In this study, we systematically investigated the oil/aqueous interfaces using SFG spectroscopy to provide fundamental understanding on oil-water separation. The effects of solution pH, zein protein, and surfactant on such interfaces were elucidated. In air, only alkyl chains are ordered on the corn oil surface. In water, both alkyl chains and carbonyl groups of corn oil on the surface have some ordering. With the presence of zein protein in the solution, they can aggregate to the oil/water interface, making the separation of water and oil difficult. The solution pH plays an important role in determining the ordering of zein protein at oil/water interfaces. At pH of twelve, zein protein molecules are ordered at the oil/water interface, and some zein protein molecules are strongly adsorbed to the oil/water interface, which cannot be removed by water washing. Oppositely, at pH of 4.5, interfacial zein protein molecules adopt random orientation distribution.

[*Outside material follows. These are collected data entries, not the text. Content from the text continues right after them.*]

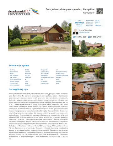 Dom jednorodzinny na sprzedaż, Namysłów Namysłów Cena 349 000 zł lub 1 517 zł miesięcznie Powierzchnia Cena za metr Liczba pokoi Pow. działki 170 m2 2 053 zł 4 14600 m2 Irena Woźniak Dyrektor Oddziału 513 134 067 Informacje ogólne Nr oferty 30998 Wyłączność tak Województwo Opolskie Typ zabudowy dom jednorodzinny Miasto Namysłów Stan budynku bardzo dobry Pow. użytkowa 170 m2 Ogrzewanie centralne + kominek Pow. działki 14600 m2 Typ podłączenia wody miejska Liczba pomieszczeń 4 Gaz butla Materiał budowy cegła Kanalizacja szambo Zwalniane od zaraz Zwalniany od zaraz Forma własności własność Szczegółowy opis Oferujemy do sprzedaży dom jednorodzinny dwu kondygnacyjny o pow. 170m2 w gm. Namysłów. Na parterze znajdują się dwa pokoje, jeden z kominkiem posiadającym rozprowadzone kanały grzewcze do wszystkich pomieszczeń, kuchnia z jadalnią, duża łazienka, przedpokój, kotłownia i ganek. Całe piętro to jedna ogromna przestrzeń wypoczynkowa o pow. ok 80m2. Dom położony jest na a ok. 1,5 hektarowej działce na której znajduje się ogród składający się z dużej ilości drzew ozdobnych, drzew leśnych, łąk i polan na których pasie się kucyk właściciela. Na działce znajduje się również mały staw, altana, grill, wybrukowane miejsce na ognisko oraz wybrukowane ścieżki między drzewami, które dodatkowo oświetlają latarnie, plac zabaw dla dzieci, oddzielny garaż i pomieszczenie gospodarcze. Cała posesja jest ogrodzona betonowym ogrodzeniem o łącznej długości 500 m. Dom znajduje się na końcu wioski jest to ostatni budynek graniczący z lasem i Stobrawskim Parkiem Narodowym. Stanowi to bardzo ustronne i klimatyczne miejsce całkowicie odizolowane od ciekawskich. Wspaniałe miejsce do życia wśród przyrody lub do wypoczynku jako wspaniały dom na wsi. Odległość od Wrocławia - 60km, od Opola 40 km, od Brzegu 18 km, od Namysłowa 12 km. Zapraszam na prezentację. Oferujemy również skuteczną, nieodpłatną pomoc w uzyskaniu kredytu na zakup nieruchomości. Zapraszamy do naszego biura w celu omówienia szczegółów oferty oraz ustalenia dogodnego dla Państwa terminu prezentacji. Szczegóły oferty: INVESTOR NIERUCHOMOŚCI Oddział w Namysłowie, ul. Wojska Polskiego 9 - Irena Woźniak tel. 513 134 067 lub 77 410 57 37. 77 410 57 37 Nota prawna: Informacje dotyczące opisu nieruchomości podane są przez właściciela, mają charakter wyłącznie informacyjny i mogą podlegać aktualizacji. Oferta dotycząca nieruchomości stanowi zaproszenie do rokowań zgodnie z art. 71 Kodeksu Cywilnego i nie stanowi oferty określonej w art. 66 i następnych KC. Oddział Namysłów, ul. Wojska Polskiego 9 , 46-100 Namysłów 77 400 01 76 • [email protected] • www.investor.net.pl 2017-03-07 22:31:02 Strona 1 z 1
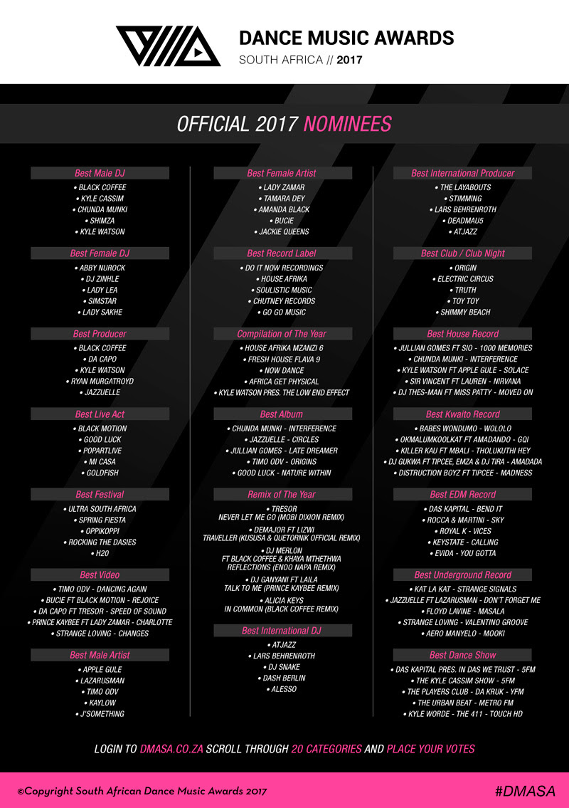 With the closing date for submissions closing this past Friday, the top final nominees in each category can finally be announced today. The nominee selection was held entirely online with the Dance Music Awards South Africa managed as an audience-voted award event dedicated to South African dance music.
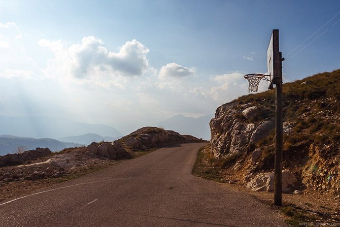 О цивилизации напоминает лишь асфальт серпантина, крошечные домики да одиноко стоящий прямо на дороге баскетбольный щит.
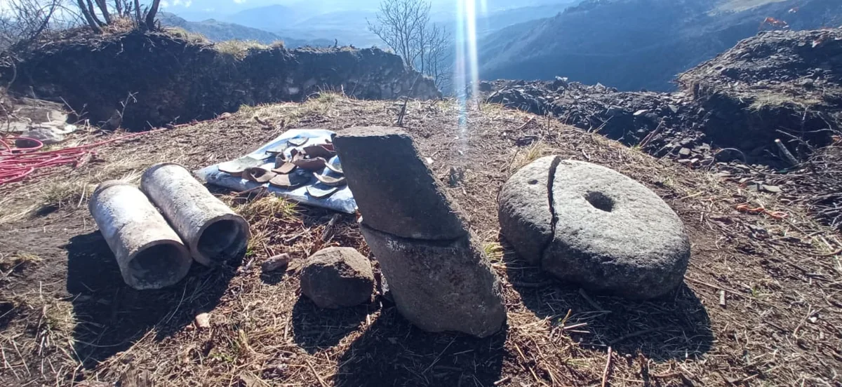 Qazıntı işləri nəticəsində abidələrin siyahısına daxil olmayan və hələlik tarixi haqqında dəqiq məlumatın olmadığı, yonulmuş daşlarından inşa olunmuş tikinti qalıqlarının üstü açılıb. Qazıntı nəticəsində ərazidə saxsı qab fraqmentləri, su boruları və digər artefaktlar üzə çıxarılıb. Ərazinin yüksək dağlıq relyefini nəzərə alaraq qanunsuz qazıntı işlərinin uzun müddət aparıldığını güman etmək olar:
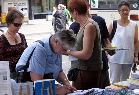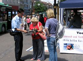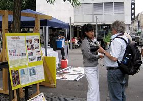 Beaucoup de gens ont vu les méthodes de simulation des tortures utilisées pour persécuter le Falun Gong. Ils ont lu l'information sur les posters et les imprimés de clarification des faits. Bouleversés par les atrocités commises ils ont signé une pétition de soutien aux efforts des pratiquants pour mettre fin à la persécution.
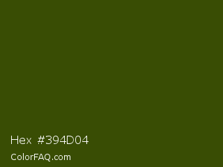 Hex #394d04 Color is a very dark lime color and the nearest color is Clover #384910. Hex code #394d04 and RGB value is rgb(57,77,4). In RGB color space, this color is composed of 22% red, 30% green, 2% blue, In CMYK color space, this color is composed of 26% cyan, 0% magenta, 95% yellow , 70% black , In HSL color space, this color has a hue angle of 76° , 90% saturation and 16% lightness.
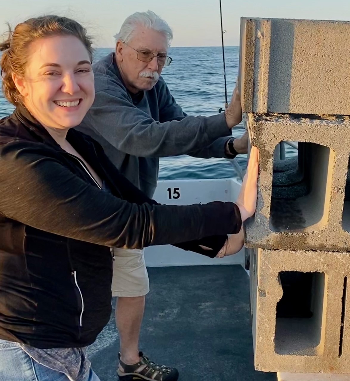 Covid done and mechanical tasks squared away, was a fine day to return to our task. We found winds nearly calm and seas but a ripple; moseyed on off to Tyler Long’s Memorial Reef where Katie & Tom G deployed 20 reef blocks – loose – within the 120’ barge named in Tyler’s honor.
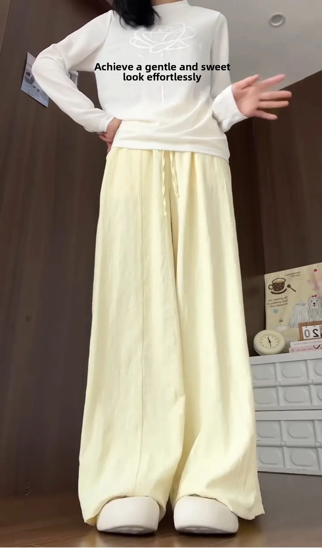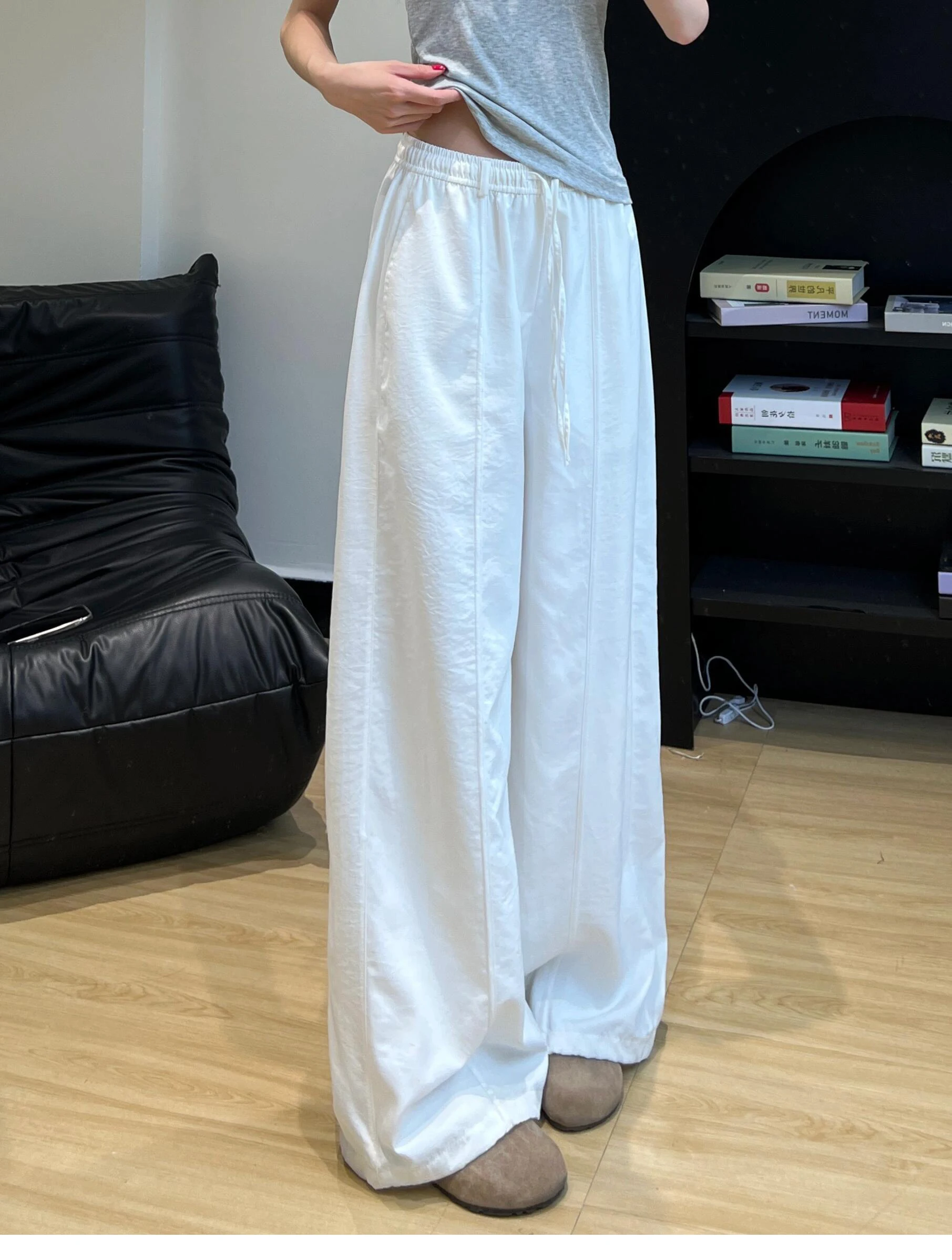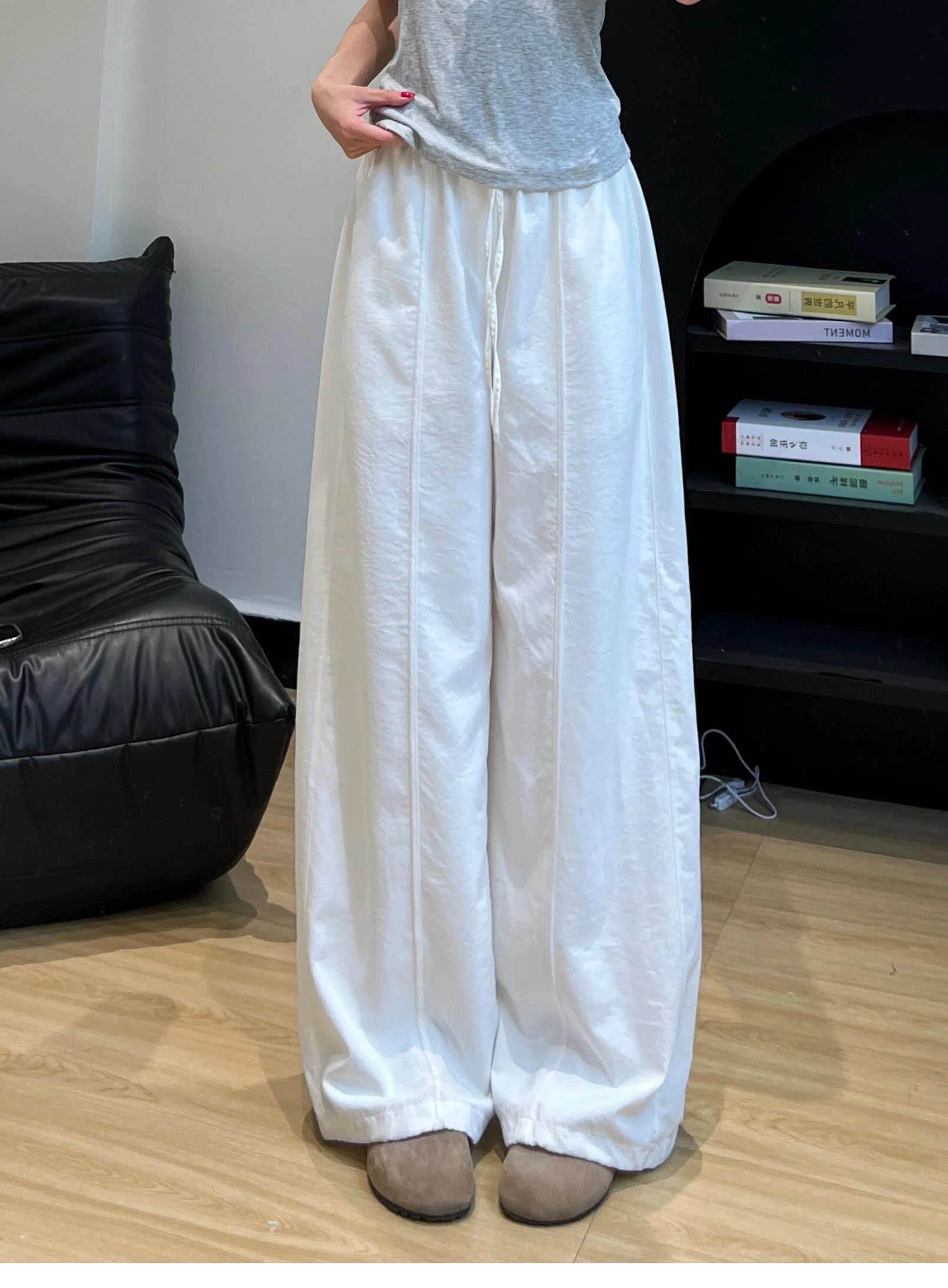 Korean Sle Simple White Straight Leg Pants Women Summer Thin High Waist Wide Leg Loose Feelings Casual Trousers

Three surfactants were applied in the oil-water-protein system to reduce the emulsification effect of proteins for the oil-water system. It was found that all of them can remove or disorder some of the zein proteins at the interface by surfactant-protein interactions, leading to easier oil-water separation. Among the three studied surfactants, it seems that surfactant two has the best interfacial protein removal or disordering effect.

We also examined zein protein behavior at the interface with corn syrup. It was found that zein protein has different interfacial behavior at hydrophobic and hydrophilic interfaces.

Supporting Information

The Supporting Information is available on the ACS Publications website. SFG spectra in C-H stretching frequency region, photo of oil-water emulsion at pH=4.5, spectral fitting results.